In the material below, how many lines contain the word "einen"? The reply must be that number alone.

** Opening DATA FOR THIS EXERCISE block **

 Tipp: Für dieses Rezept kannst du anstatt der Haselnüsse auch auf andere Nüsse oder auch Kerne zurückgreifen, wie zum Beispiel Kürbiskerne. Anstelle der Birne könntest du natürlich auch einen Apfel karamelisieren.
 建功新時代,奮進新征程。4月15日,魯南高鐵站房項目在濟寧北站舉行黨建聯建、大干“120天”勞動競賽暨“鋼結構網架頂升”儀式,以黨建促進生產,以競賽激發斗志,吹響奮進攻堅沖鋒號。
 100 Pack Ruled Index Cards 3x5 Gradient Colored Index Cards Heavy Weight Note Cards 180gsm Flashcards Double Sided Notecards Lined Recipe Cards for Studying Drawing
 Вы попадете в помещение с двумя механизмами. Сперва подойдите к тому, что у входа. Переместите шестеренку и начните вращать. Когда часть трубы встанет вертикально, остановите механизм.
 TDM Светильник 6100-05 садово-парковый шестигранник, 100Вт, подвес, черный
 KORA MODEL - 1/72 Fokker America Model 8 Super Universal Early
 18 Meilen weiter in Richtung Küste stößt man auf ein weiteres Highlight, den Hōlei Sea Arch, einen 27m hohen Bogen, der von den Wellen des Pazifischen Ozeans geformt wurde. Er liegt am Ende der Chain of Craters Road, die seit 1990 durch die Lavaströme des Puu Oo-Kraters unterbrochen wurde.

** Closing DATA FOR THIS EXERCISE block **
** Opening DATA FOR THIS EXERCISE block **

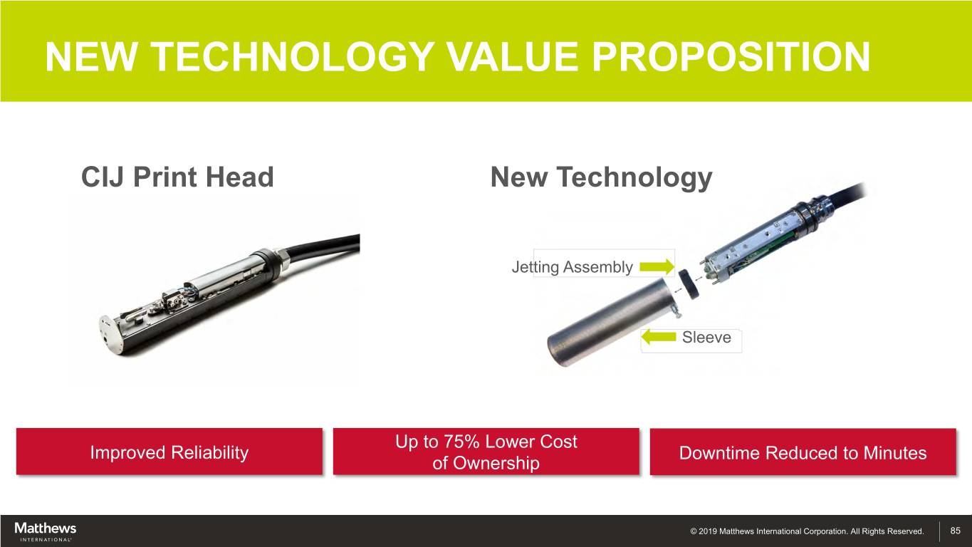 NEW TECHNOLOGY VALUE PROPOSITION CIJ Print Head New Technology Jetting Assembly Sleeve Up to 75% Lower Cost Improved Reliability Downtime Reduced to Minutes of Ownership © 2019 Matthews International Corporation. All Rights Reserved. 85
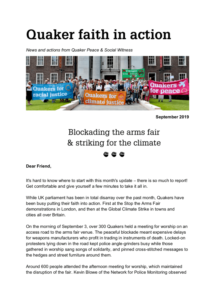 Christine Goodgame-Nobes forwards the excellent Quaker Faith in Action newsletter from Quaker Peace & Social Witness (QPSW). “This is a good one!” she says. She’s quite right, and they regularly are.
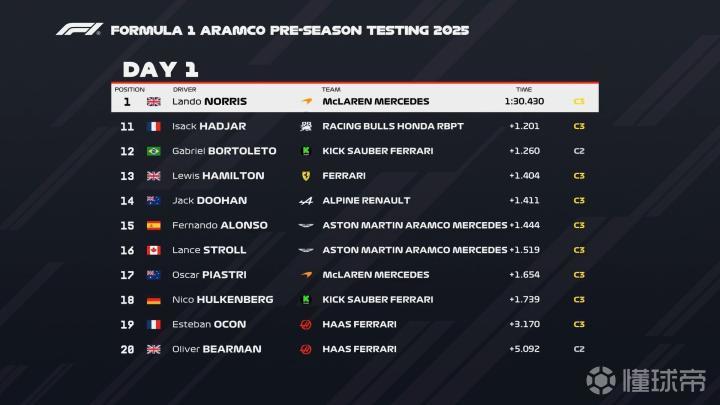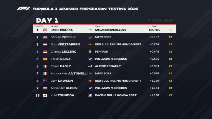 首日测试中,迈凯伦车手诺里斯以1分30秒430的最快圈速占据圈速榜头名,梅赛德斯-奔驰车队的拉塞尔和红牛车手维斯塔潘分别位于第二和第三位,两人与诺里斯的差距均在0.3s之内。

** Closing DATA FOR THIS EXERCISE block **
** Opening DATA FOR THIS EXERCISE block **

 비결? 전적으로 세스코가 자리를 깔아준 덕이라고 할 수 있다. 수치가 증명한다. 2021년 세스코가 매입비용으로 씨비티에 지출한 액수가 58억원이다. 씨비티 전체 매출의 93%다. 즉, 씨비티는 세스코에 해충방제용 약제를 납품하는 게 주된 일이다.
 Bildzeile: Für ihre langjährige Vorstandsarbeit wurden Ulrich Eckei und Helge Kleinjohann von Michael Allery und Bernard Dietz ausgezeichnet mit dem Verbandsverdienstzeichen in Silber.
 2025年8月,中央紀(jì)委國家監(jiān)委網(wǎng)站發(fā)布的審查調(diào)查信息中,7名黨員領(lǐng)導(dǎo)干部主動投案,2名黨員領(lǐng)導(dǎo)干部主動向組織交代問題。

** Closing DATA FOR THIS EXERCISE block **

- [ANSWER TO THIS PROBLEM]:
2